Retyping should cover only the lines from the one containing "So, can we talk" through the final line of the records, with pictures omitted.

Dataset entries:
________________
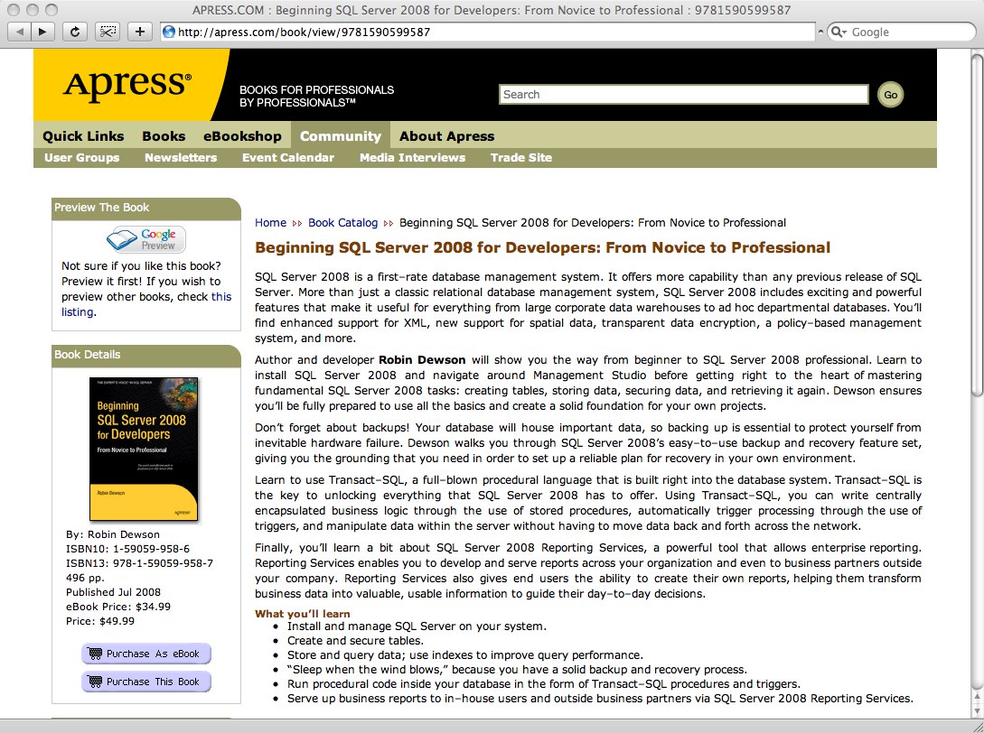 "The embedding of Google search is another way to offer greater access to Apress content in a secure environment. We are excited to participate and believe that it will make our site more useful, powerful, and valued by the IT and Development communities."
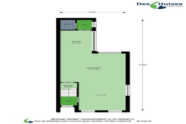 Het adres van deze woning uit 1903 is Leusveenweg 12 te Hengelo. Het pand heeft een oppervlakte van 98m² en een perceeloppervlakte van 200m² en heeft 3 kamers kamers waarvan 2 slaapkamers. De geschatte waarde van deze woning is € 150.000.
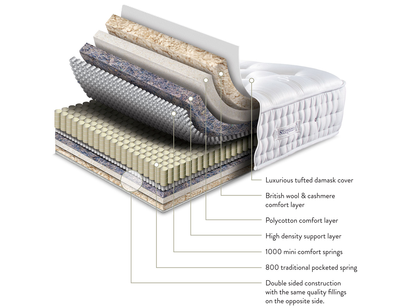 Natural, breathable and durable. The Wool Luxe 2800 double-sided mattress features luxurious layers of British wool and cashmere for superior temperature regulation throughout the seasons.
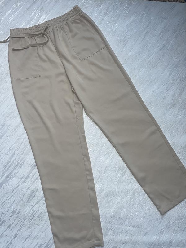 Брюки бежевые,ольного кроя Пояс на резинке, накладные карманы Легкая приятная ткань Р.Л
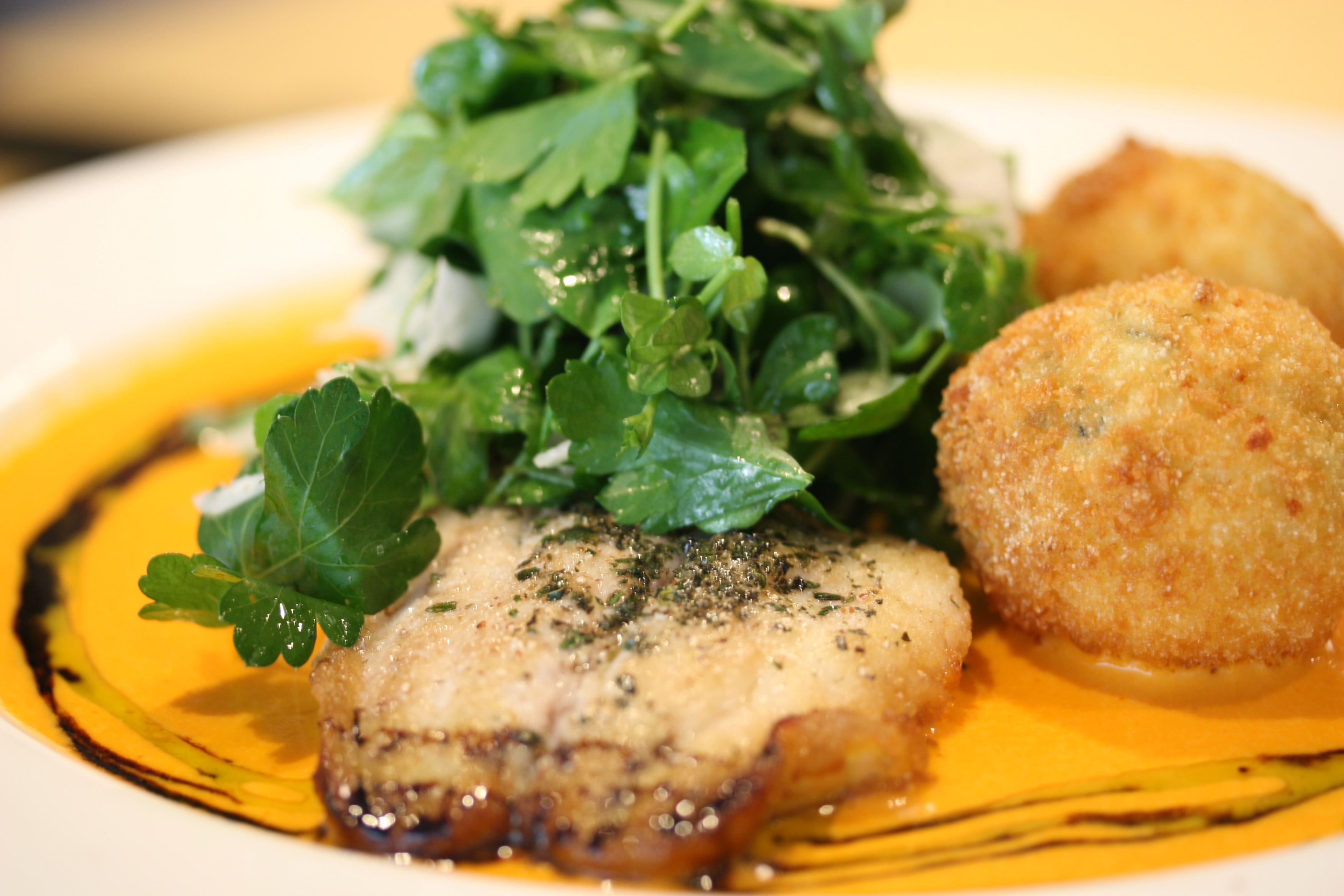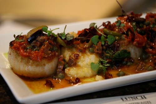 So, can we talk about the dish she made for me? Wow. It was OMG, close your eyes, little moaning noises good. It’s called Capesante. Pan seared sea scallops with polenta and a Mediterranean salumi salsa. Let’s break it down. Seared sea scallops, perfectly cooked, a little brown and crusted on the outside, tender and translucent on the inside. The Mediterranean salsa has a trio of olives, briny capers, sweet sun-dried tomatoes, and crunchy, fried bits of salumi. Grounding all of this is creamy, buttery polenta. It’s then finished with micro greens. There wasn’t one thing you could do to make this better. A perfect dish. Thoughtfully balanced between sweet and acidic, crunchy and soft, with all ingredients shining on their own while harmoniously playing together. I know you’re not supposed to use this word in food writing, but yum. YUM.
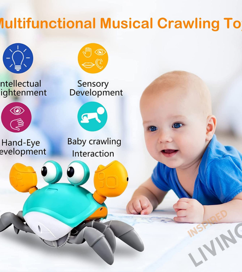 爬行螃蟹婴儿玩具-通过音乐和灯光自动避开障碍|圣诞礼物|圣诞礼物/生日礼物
________________
## OUTPUT OF THE EXERCISE:
 So, can we talk about the dish she made for me? Wow. It was OMG, close your eyes, little moaning noises good. It’s called Capesante. Pan seared sea scallops with polenta and a Mediterranean salumi salsa. Let’s break it down. Seared sea scallops, perfectly cooked, a little brown and crusted on the outside, tender and translucent on the inside. The Mediterranean salsa has a trio of olives, briny capers, sweet sun-dried tomatoes, and crunchy, fried bits of salumi. Grounding all of this is creamy, buttery polenta. It’s then finished with micro greens. There wasn’t one thing you could do to make this better. A perfect dish. Thoughtfully balanced between sweet and acidic, crunchy and soft, with all ingredients shining on their own while harmoniously playing together. I know you’re not supposed to use this word in food writing, but yum. YUM.
 爬行螃蟹婴儿玩具-通过音乐和灯光自动避开障碍|圣诞礼物|圣诞礼物/生日礼物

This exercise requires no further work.